> Directions for this task:
Quote the records that follow in full and exactly; leave out the pictures.

Data items
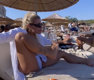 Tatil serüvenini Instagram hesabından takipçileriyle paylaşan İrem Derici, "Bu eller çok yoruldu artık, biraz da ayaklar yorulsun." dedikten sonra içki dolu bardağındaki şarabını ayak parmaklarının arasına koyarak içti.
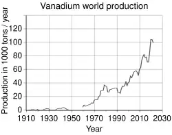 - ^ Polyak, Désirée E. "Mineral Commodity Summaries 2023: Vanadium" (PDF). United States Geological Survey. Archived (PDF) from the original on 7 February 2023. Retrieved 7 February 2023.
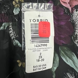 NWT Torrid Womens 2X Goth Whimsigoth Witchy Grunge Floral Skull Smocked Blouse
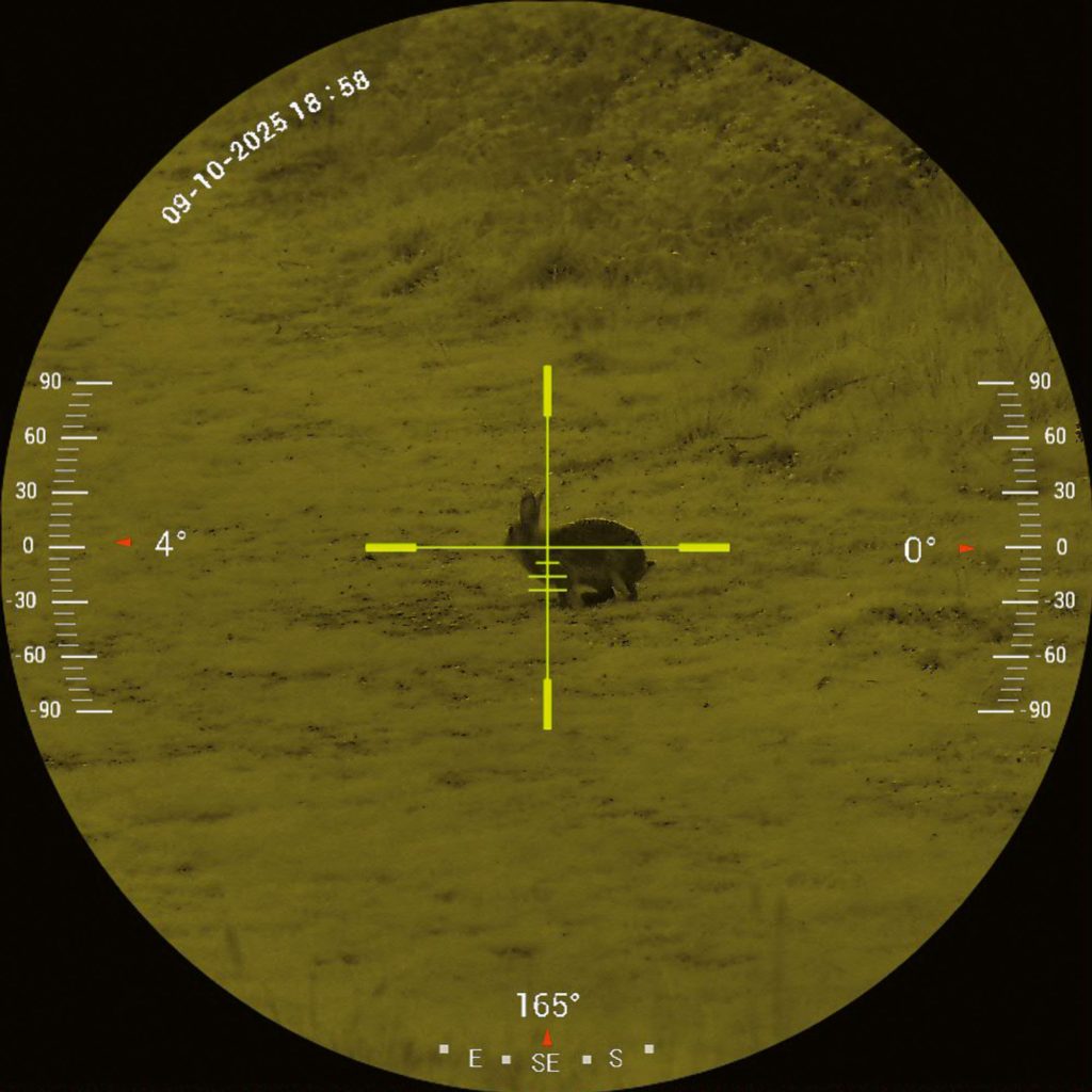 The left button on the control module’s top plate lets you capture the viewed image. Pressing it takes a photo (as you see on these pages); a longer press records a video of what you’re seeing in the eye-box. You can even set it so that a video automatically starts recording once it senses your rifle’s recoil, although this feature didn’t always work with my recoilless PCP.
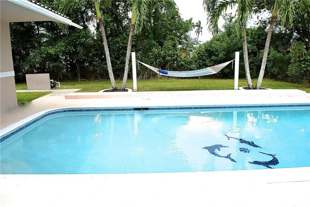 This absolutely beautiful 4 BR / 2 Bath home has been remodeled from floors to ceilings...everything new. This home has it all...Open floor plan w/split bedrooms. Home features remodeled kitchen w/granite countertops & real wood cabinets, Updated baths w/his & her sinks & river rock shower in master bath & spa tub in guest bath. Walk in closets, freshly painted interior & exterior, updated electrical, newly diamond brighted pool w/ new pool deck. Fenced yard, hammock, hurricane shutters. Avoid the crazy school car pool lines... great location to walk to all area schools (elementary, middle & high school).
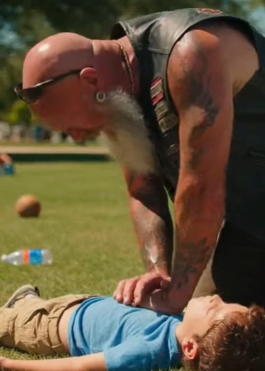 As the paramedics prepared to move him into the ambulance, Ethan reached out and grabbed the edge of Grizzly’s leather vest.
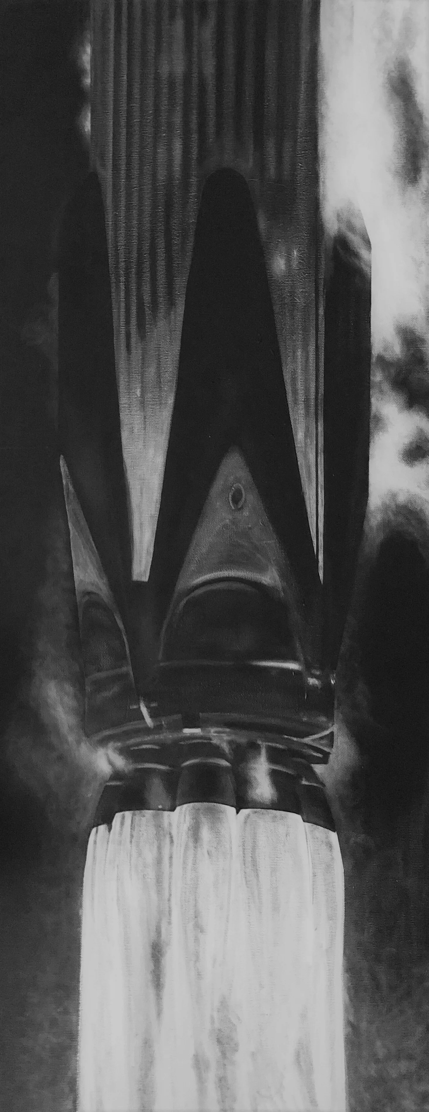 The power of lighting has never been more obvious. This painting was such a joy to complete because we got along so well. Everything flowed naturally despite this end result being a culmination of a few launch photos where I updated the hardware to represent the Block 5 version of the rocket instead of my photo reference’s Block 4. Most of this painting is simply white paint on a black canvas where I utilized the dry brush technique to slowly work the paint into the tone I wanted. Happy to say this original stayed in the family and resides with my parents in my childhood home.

> Output for this task:
 Tatil serüvenini Instagram hesabından takipçileriyle paylaşan İrem Derici, "Bu eller çok yoruldu artık, biraz da ayaklar yorulsun." dedikten sonra içki dolu bardağındaki şarabını ayak parmaklarının arasına koyarak içti.
 - ^ Polyak, Désirée E. "Mineral Commodity Summaries 2023: Vanadium" (PDF). United States Geological Survey. Archived (PDF) from the original on 7 February 2023. Retrieved 7 February 2023.
 NWT Torrid Womens 2X Goth Whimsigoth Witchy Grunge Floral Skull Smocked Blouse
 The left button on the control module’s top plate lets you capture the viewed image. Pressing it takes a photo (as you see on these pages); a longer press records a video of what you’re seeing in the eye-box. You can even set it so that a video automatically starts recording once it senses your rifle’s recoil, although this feature didn’t always work with my recoilless PCP.
 This absolutely beautiful 4 BR / 2 Bath home has been remodeled from floors to ceilings...everything new. This home has it all...Open floor plan w/split bedrooms. Home features remodeled kitchen w/granite countertops & real wood cabinets, Updated baths w/his & her sinks & river rock shower in master bath & spa tub in guest bath. Walk in closets, freshly painted interior & exterior, updated electrical, newly diamond brighted pool w/ new pool deck. Fenced yard, hammock, hurricane shutters. Avoid the crazy school car pool lines... great location to walk to all area schools (elementary, middle & high school).
 As the paramedics prepared to move him into the ambulance, Ethan reached out and grabbed the edge of Grizzly’s leather vest.
 The power of lighting has never been more obvious. This painting was such a joy to complete because we got along so well. Everything flowed naturally despite this end result being a culmination of a few launch photos where I updated the hardware to represent the Block 5 version of the rocket instead of my photo reference’s Block 4. Most of this painting is simply white paint on a black canvas where I utilized the dry brush technique to slowly work the paint into the tone I wanted. Happy to say this original stayed in the family and resides with my parents in my childhood home.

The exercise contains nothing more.